--- EXTRACTED RECORDS ---

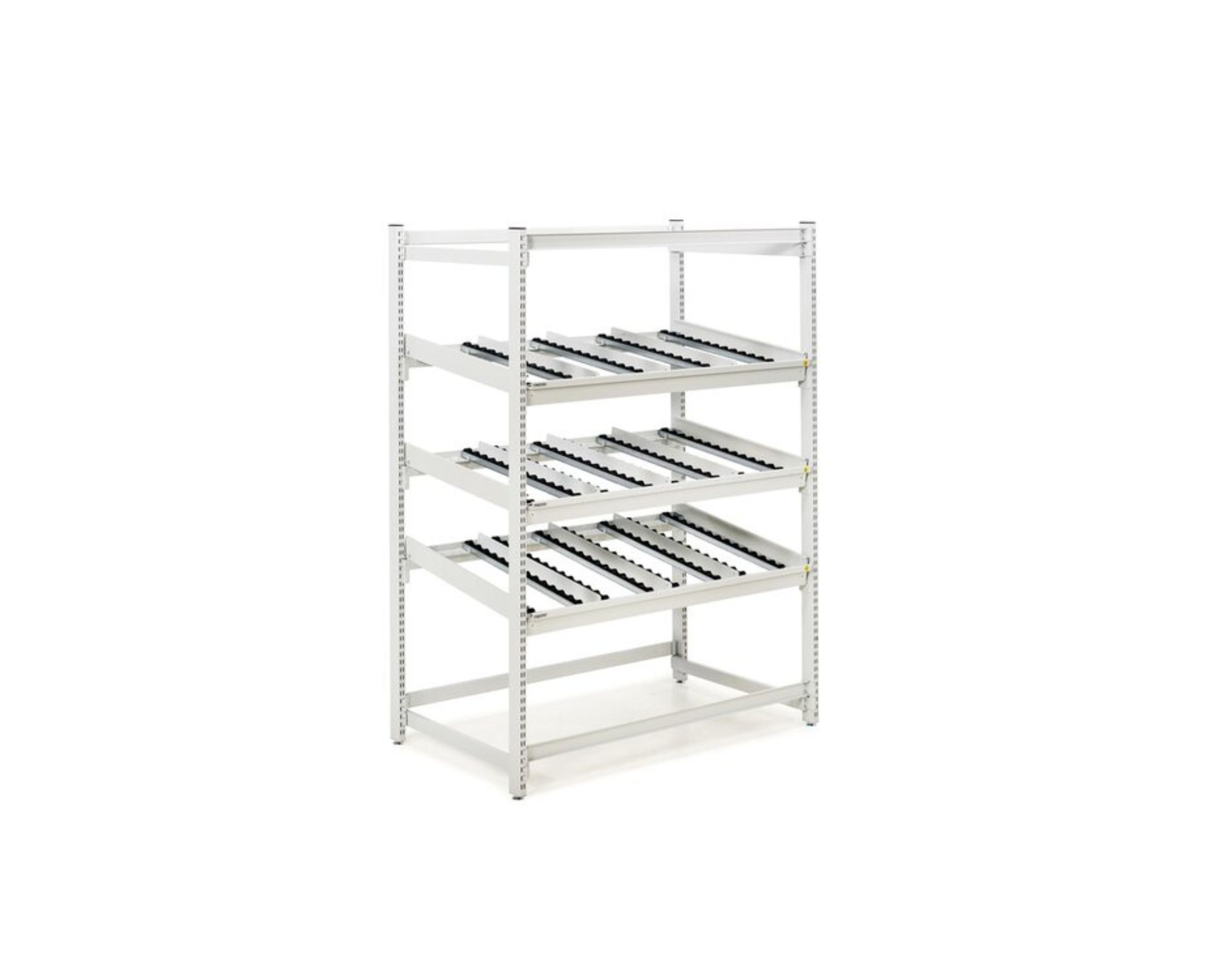 Läpivirtaushylly tehokkaaseen varastoitiin. Hylly sisältää 3 rullakkotasoa, jotka ovat säädettävissä ilman työkaluja.
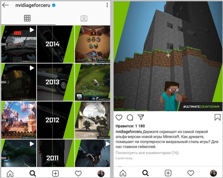 Сперва создаются рубрики. Они нужны для упорядочивания информации, отслеживания эффективности контента и структурирования ленты. Для каждой сферы – свои рубрики. Например, в своем аккаунте производитель видеокарт Nvidia прекрасно адаптировал рубрику «История компании», назвав ее Ultimate Countdown. SMM-щик разбил хронологию по годам и в трех постах успевает презентовать продукт (видеокарту бренда) и рассказать про культовые игры того времени.
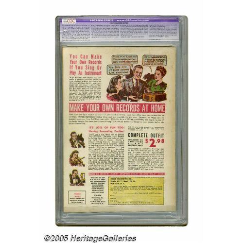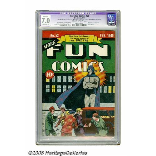 <B>More Fun Comics #52 (DC, 1940) CGC Apparent FN/VF 7.0 Moderate (P) Cream to off-white pages.</B></I> This book contains the origin and first appearance of the Spectre, who is in costume in the first splash panel. Spectre cover by Bernard Baily. Stories by Jerry Siegel and Al Sulman, with interior art by Baily, John Lehti, Joe Sulman, and George Papp. CGC notes, ""Restoration includes: color touch, pieces added, tear seals, cover cleaned, reinforced. (Wrong married back cover)"" Overstreet 2005 GD 2.0 value = $5,350; VG 4.0 value = $10,700; FN 6.0 value = $16,050; VF 8.0 value = $40,400. <BR><BR><B>Important notice:</B> Heritage usually auctions material at the rate of 200-250 lots per hour. On some occasions eBay Live bid software or the Internet may not be able to keep up with the pace of the auction. We recommend placing a realistic absentee bid now as insurance to avoid disappointment. Occasionally the auctioneer may eliminate or reject an eBay Live bid, and the auctioneer may also reopen a lot after the close of the eBay live bidding (usually because we missed an audience bid), and may reject your bid even if it shows you as the winning bidder. By bidding via eBay Live, you agree that Heritage may award the lot to another bidder at its sole discretion under the circumstances described above or any other reasonable circumstances. Since eBay bids are not shown to us until we open the lot on the floor, we treat those bids just like floor bids. In most cases the floor responds before the eBay bid is presented to us, due to Internet lag time, so for consistency we have made it a policy that floor bids are always considered first over tie eBay live bids. Also please note that all Heritage lots purchased through eBay Live carry a 20% Buyer's Premium. Please make sure you read the Terms and Conditions before you bid. This lot is being auctioned in conjunction with a live floor auction by Heritage Galleries & Auctioneers. All final auction and invoice information will
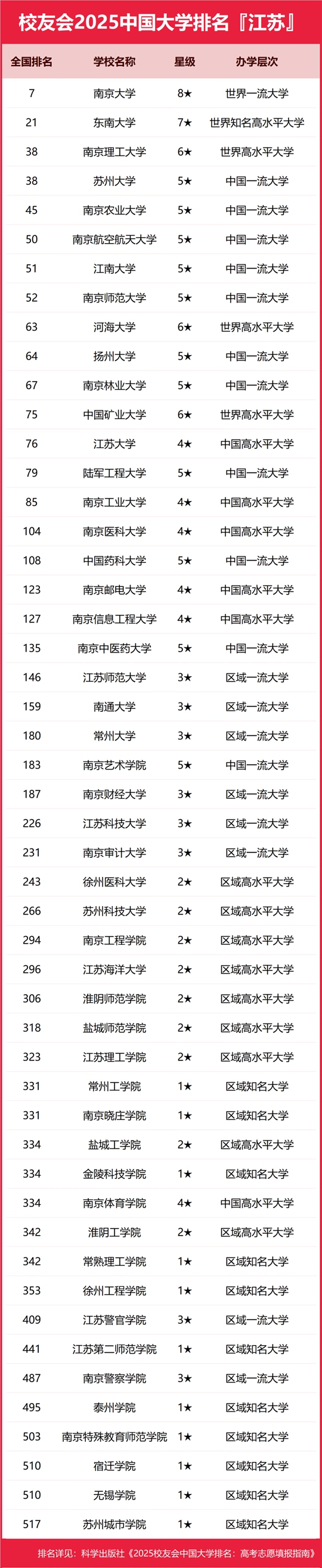 校友會2025江蘇省大學排名,南京大學第一,揚州大學前十
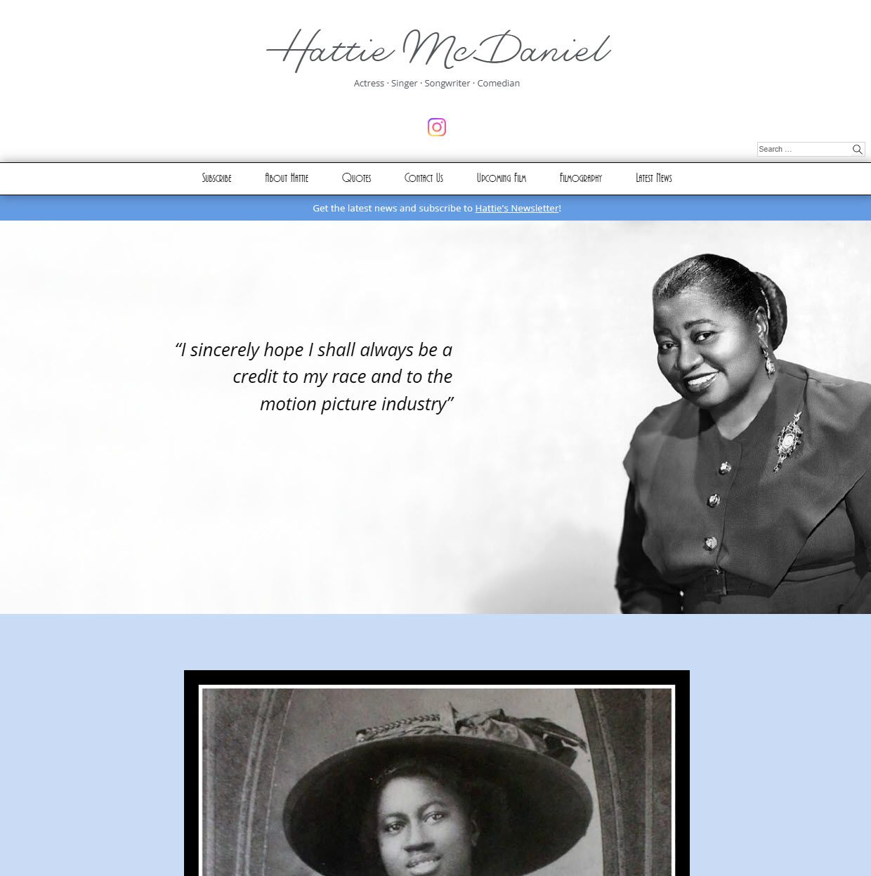 One of the best legacies of Hattie were her quotes, which I highlighted on the home page and created a page full of them. She was also very talented in many fields, so we added a tagline of Actress – Singer – Songwriter – Comedian.

---

- _WORK ORDER_
Return the entries exactly as given. Do not include pictures.

- _RESULT FOR THIS TASK_
 Läpivirtaushylly tehokkaaseen varastoitiin. Hylly sisältää 3 rullakkotasoa, jotka ovat säädettävissä ilman työkaluja.
 Сперва создаются рубрики. Они нужны для упорядочивания информации, отслеживания эффективности контента и структурирования ленты. Для каждой сферы – свои рубрики. Например, в своем аккаунте производитель видеокарт Nvidia прекрасно адаптировал рубрику «История компании», назвав ее Ultimate Countdown. SMM-щик разбил хронологию по годам и в трех постах успевает презентовать продукт (видеокарту бренда) и рассказать про культовые игры того времени.
 <B>More Fun Comics #52 (DC, 1940) CGC Apparent FN/VF 7.0 Moderate (P) Cream to off-white pages.</B></I> This book contains the origin and first appearance of the Spectre, who is in costume in the first splash panel. Spectre cover by Bernard Baily. Stories by Jerry Siegel and Al Sulman, with interior art by Baily, John Lehti, Joe Sulman, and George Papp. CGC notes, ""Restoration includes: color touch, pieces added, tear seals, cover cleaned, reinforced. (Wrong married back cover)"" Overstreet 2005 GD 2.0 value = $5,350; VG 4.0 value = $10,700; FN 6.0 value = $16,050; VF 8.0 value = $40,400. <BR><BR><B>Important notice:</B> Heritage usually auctions material at the rate of 200-250 lots per hour. On some occasions eBay Live bid software or the Internet may not be able to keep up with the pace of the auction. We recommend placing a realistic absentee bid now as insurance to avoid disappointment. Occasionally the auctioneer may eliminate or reject an eBay Live bid, and the auctioneer may also reopen a lot after the close of the eBay live bidding (usually because we missed an audience bid), and may reject your bid even if it shows you as the winning bidder. By bidding via eBay Live, you agree that Heritage may award the lot to another bidder at its sole discretion under the circumstances described above or any other reasonable circumstances. Since eBay bids are not shown to us until we open the lot on the floor, we treat those bids just like floor bids. In most cases the floor responds before the eBay bid is presented to us, due to Internet lag time, so for consistency we have made it a policy that floor bids are always considered first over tie eBay live bids. Also please note that all Heritage lots purchased through eBay Live carry a 20% Buyer's Premium. Please make sure you read the Terms and Conditions before you bid. This lot is being auctioned in conjunction with a live floor auction by Heritage Galleries & Auctioneers. All final auction and invoice information will
 校友會2025江蘇省大學排名,南京大學第一,揚州大學前十
 One of the best legacies of Hattie were her quotes, which I highlighted on the home page and created a page full of them. She was also very talented in many fields, so we added a tagline of Actress – Singer – Songwriter – Comedian.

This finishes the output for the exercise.